PROVIDED ENTRIES section start

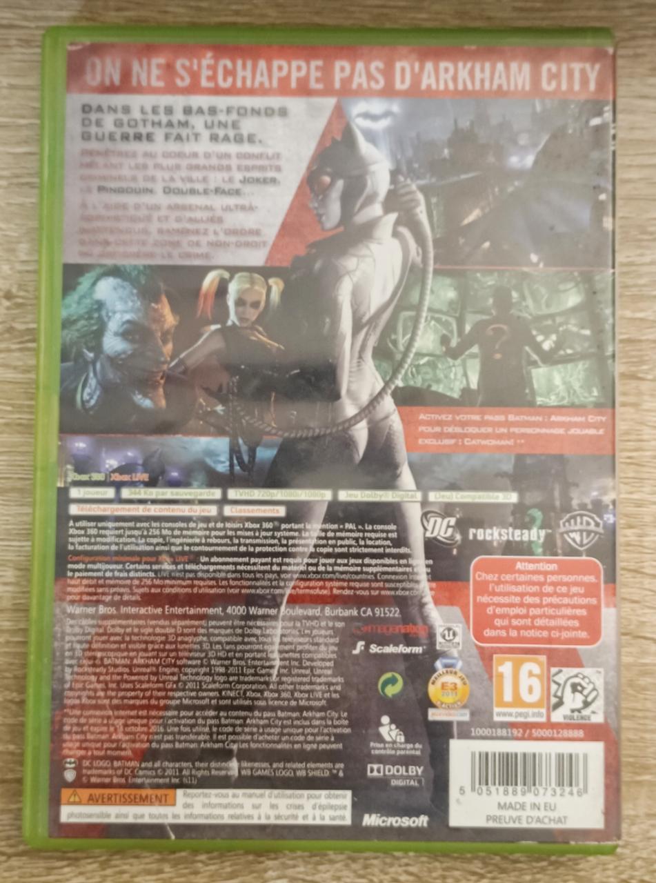 L3 - Batman : Arkham City Xbox 360 - EAN : 5051889073246 - ARTICLE OCCASION EN TRES BON ETAT GÉNÉRAL - BOITIER ORIGINAL XBOX 360 - JEUX JOUABLE EN FRANCAIS - LIVRAISON ULTRA RAPIDE EN COLIS SUIVI PROTÈGE - COVER FR - COMPLET CIB
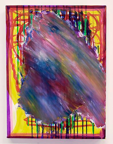 The act of painting for Greenbaum is performative: it records the decision making dictated by the materials. She shifts between surface and ground to activate each composition. A densely clustered field of magic marker spirals is obliterated by a spill of ink or a pour of water. The surfaces are transparent, like a veil or a gel, on which the artist builds solid and structured forms. This tension between soluble and insoluble is evident throughout the series as she combines drawing materials like marker, ink, ballpoint pen with oil, watercolor, and acrylic paint. The scale of these canvases emphasizes the immediacy inherent in Greenbaum’s work. The works are alive in their off-handedness. Far from being precious, the paintings express the exuberance of making art and life in the studio.
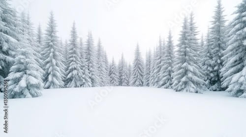 Naklejka premium Snowy pine forest. A pristine winter wonderland, frosted trees stand tall in a vast expanse of snow
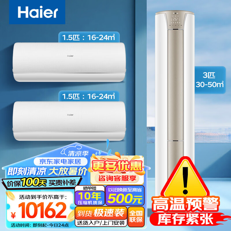 海尔(Haier)空调套装两室一厅新一级能效变频空调家用APP智控自清洁(1.5匹挂机*2+3匹立式柜机) 以旧换新价格:10162.00元!
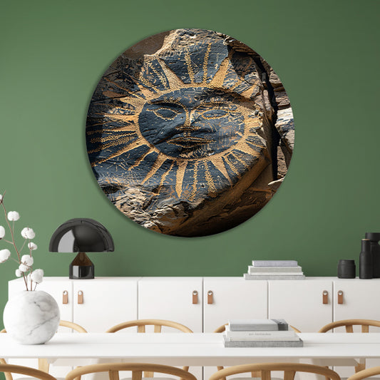 Abstract zonnegelaat met symbolen aluminium muurcirkel
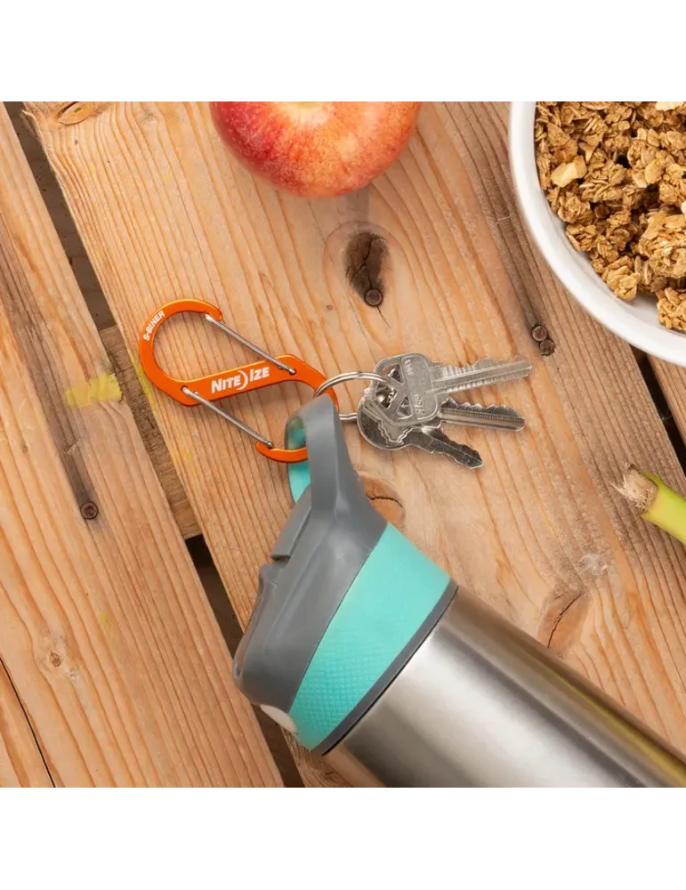 Denna praktiska S-Biner med dubbla fjäderportar i rostfritt stål, kan hålla och säkra allt, till exempel dina nycklar, vattenflaskor och redskap. Den är gjord av högkvalitativt, lätt aluminium och de dubbla grindarna möjliggör snabb och bekväm åtkomst till dina föremål. S-Biners i mindre storlek passar bra för föremål som nycklar och fästa i blixtlås, medan större storlekar kan användas för att organisera garaget och hänga eller bära stora saker, som sportutrustning. S-Biner finns i tre storlekar, #2, #3 och #4.
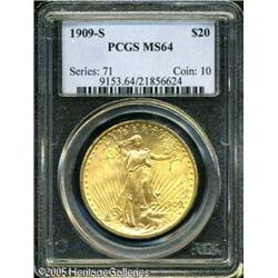<B>1909-S $20 MS64 PCGS.</B></I> Blazing luster and clean fields attest to the quality of this straw-gold near-Gem. The strike is intricate on Liberty's face and hands. Lot:9494
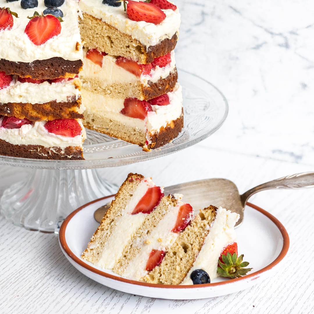 Diese Erdbeer-Schicht-Torte ist eine absolute Augenweide! Ein fluffig, leichter Kuchenboden aus unserer Kuchenglück Backmischung, die absolut glutenfrei ist und nur 3,2 g verwertbare Kohlenhydrate pro 100 g hat! Getoppt mit einer Sahne-Frischkäse Mischung und saftigen Beeren - ein Traum! Und tatsächlich kann man diese leckere Torte im Handumdrehen zaubern!
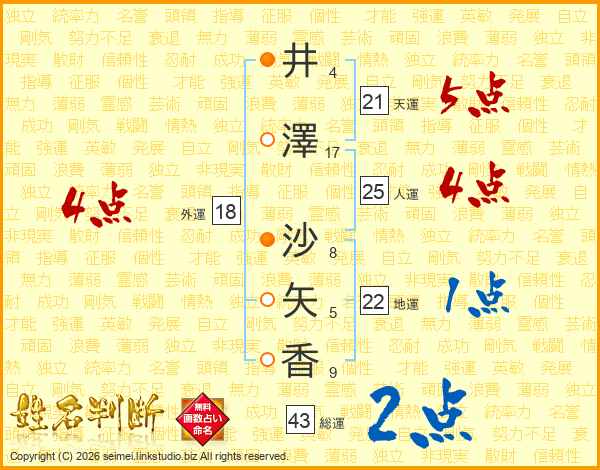 井澤沙矢香さんの天運は21画の5点!
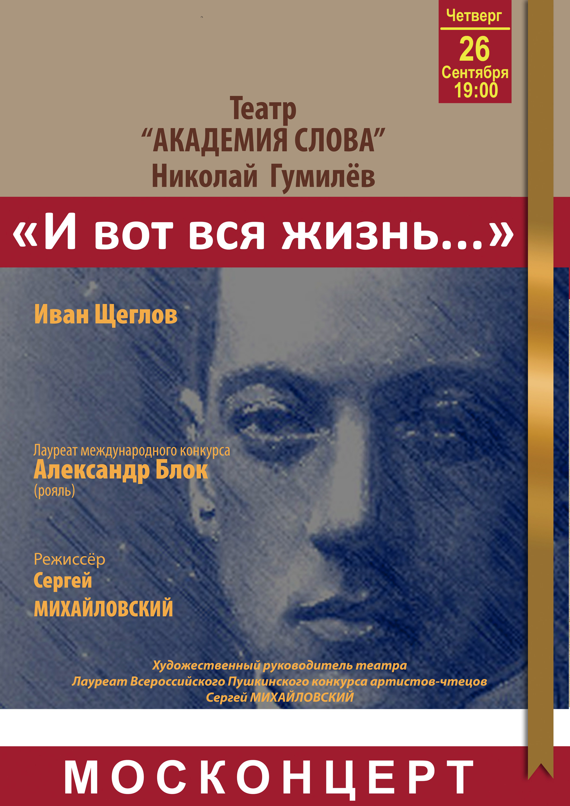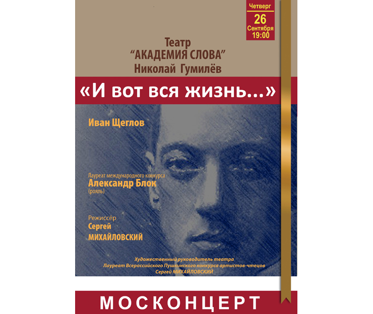 26 сентября (четверг) 2019 г. в 19:00 часов Дом ученых ОИЯИ приглашает на музыкальную постановку по произведениям Николая Гумилева «И вот вся жизнь…»
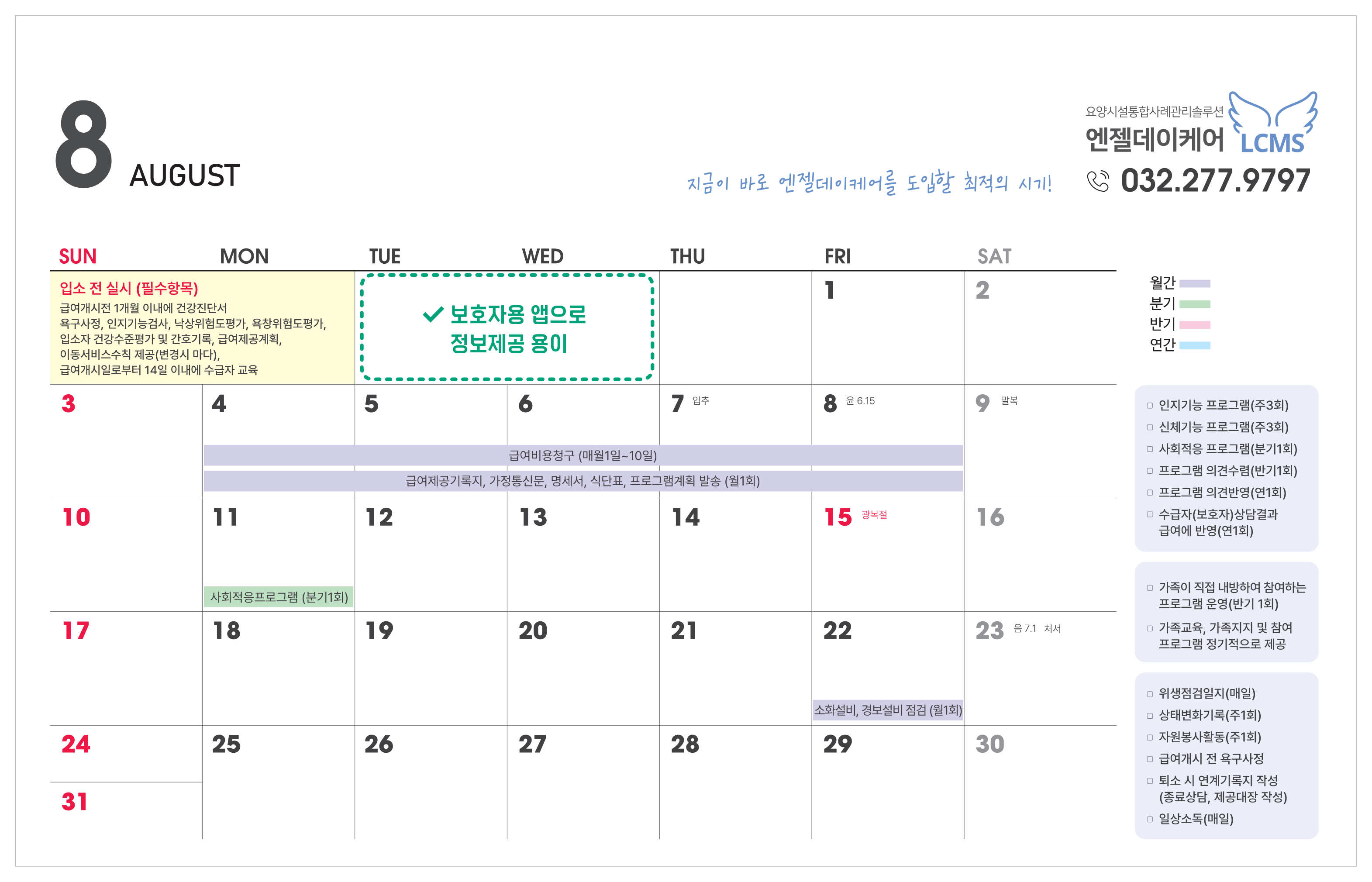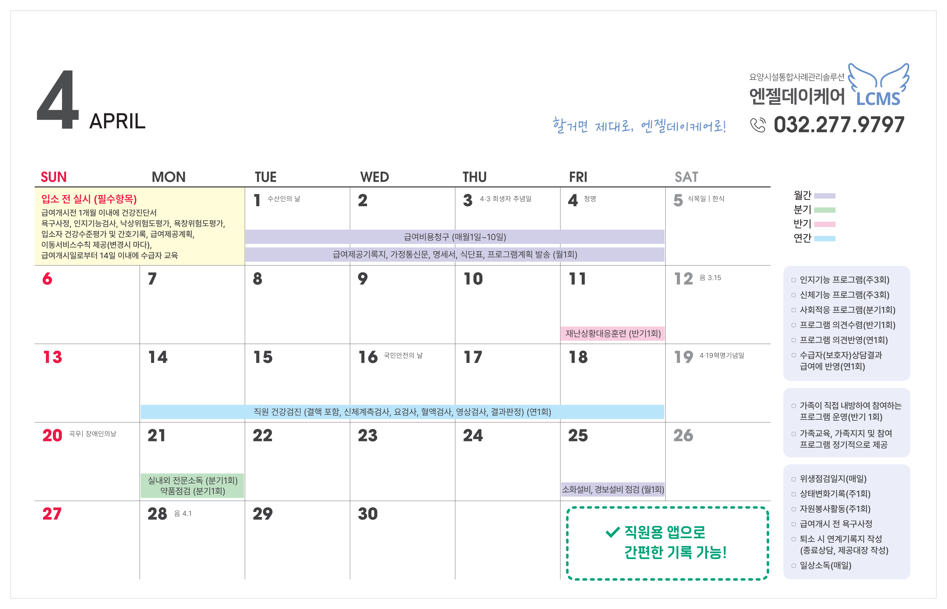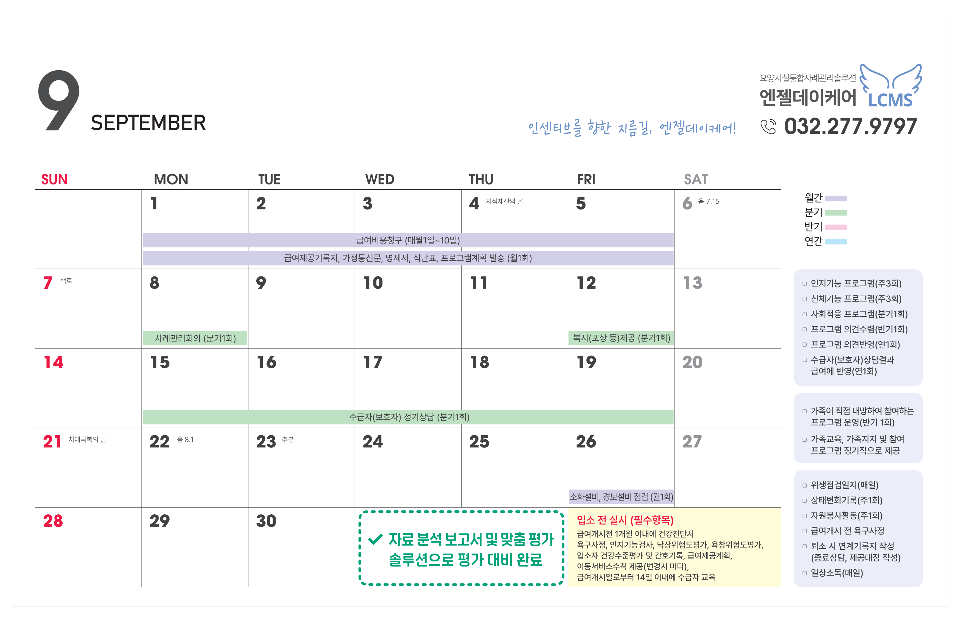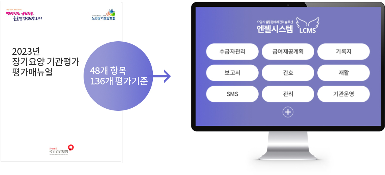 엔젤시스템에서는 장기요양 기관평가 항목에 필요한 기능을 제공하여

PROVIDED ENTRIES section end

→ AIM OF THE EXERCISE
An exact copy is required of the lines from the one holding "井澤沙矢香さんの天運は21画の5点!" to the end of the entries above, both included; no pictures belong in it.

→ ANSWER FOR THE TASK
 井澤沙矢香さんの天運は21画の5点!
 26 сентября (четверг) 2019 г. в 19:00 часов Дом ученых ОИЯИ приглашает на музыкальную постановку по произведениям Николая Гумилева «И вот вся жизнь…»
 엔젤시스템에서는 장기요양 기관평가 항목에 필요한 기능을 제공하여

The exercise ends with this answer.